§ TASK TO COMPLETE:
Word for word, print out all of the data, omitting every image.

§ DATASET EXCERPT:
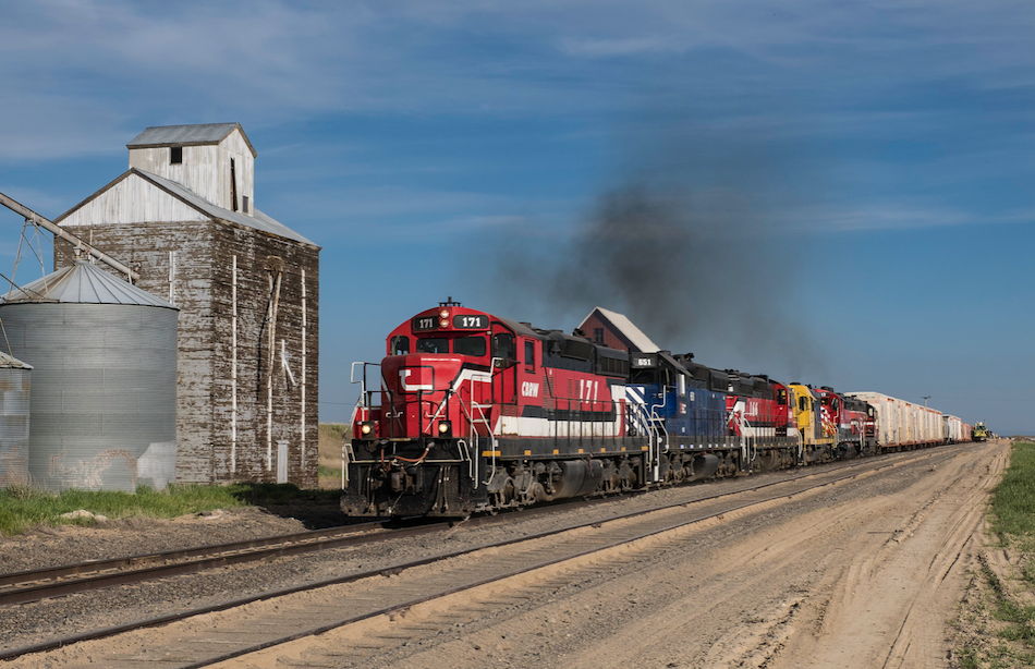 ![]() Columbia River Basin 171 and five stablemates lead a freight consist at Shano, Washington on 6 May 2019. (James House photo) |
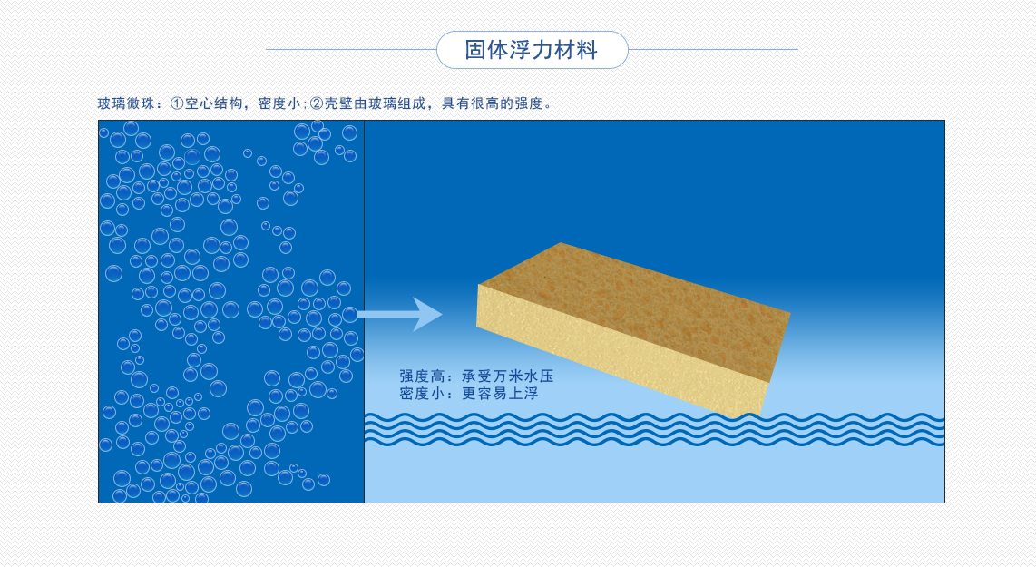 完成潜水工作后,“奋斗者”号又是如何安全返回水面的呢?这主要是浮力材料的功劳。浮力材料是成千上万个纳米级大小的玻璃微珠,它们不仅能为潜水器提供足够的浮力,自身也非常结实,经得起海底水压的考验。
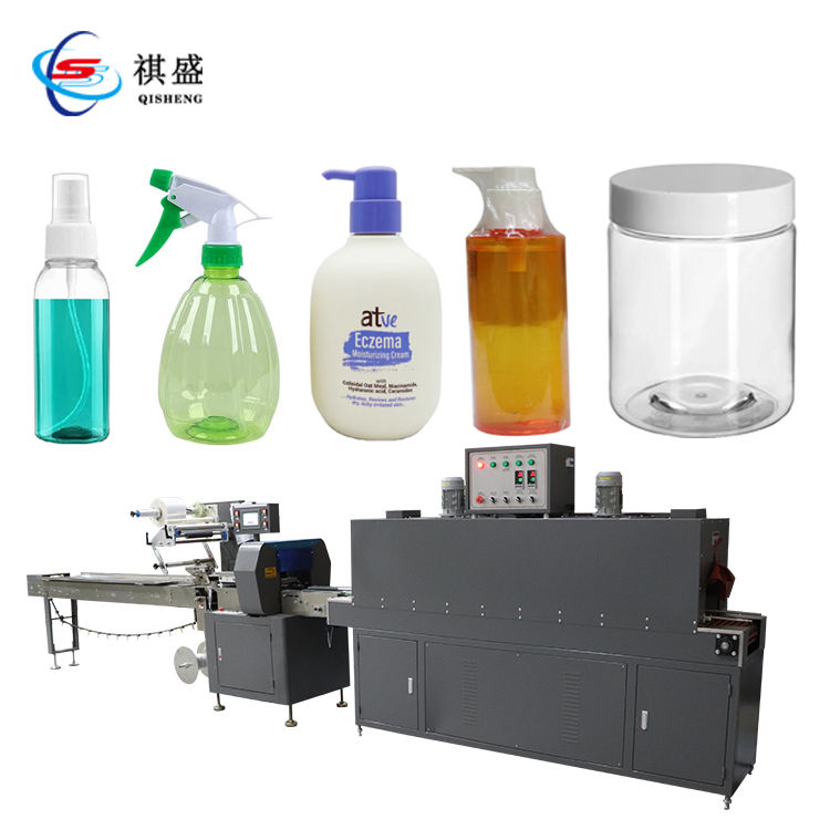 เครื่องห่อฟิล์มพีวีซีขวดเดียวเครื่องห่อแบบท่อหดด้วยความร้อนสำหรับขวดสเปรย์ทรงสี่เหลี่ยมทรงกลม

§ RESULT FOR THIS EXERCISE:
 ![]() Columbia River Basin 171 and five stablemates lead a freight consist at Shano, Washington on 6 May 2019. (James House photo) |
 完成潜水工作后,“奋斗者”号又是如何安全返回水面的呢?这主要是浮力材料的功劳。浮力材料是成千上万个纳米级大小的玻璃微珠,它们不仅能为潜水器提供足够的浮力,自身也非常结实,经得起海底水压的考验。
 เครื่องห่อฟิล์มพีวีซีขวดเดียวเครื่องห่อแบบท่อหดด้วยความร้อนสำหรับขวดสเปรย์ทรงสี่เหลี่ยมทรงกลม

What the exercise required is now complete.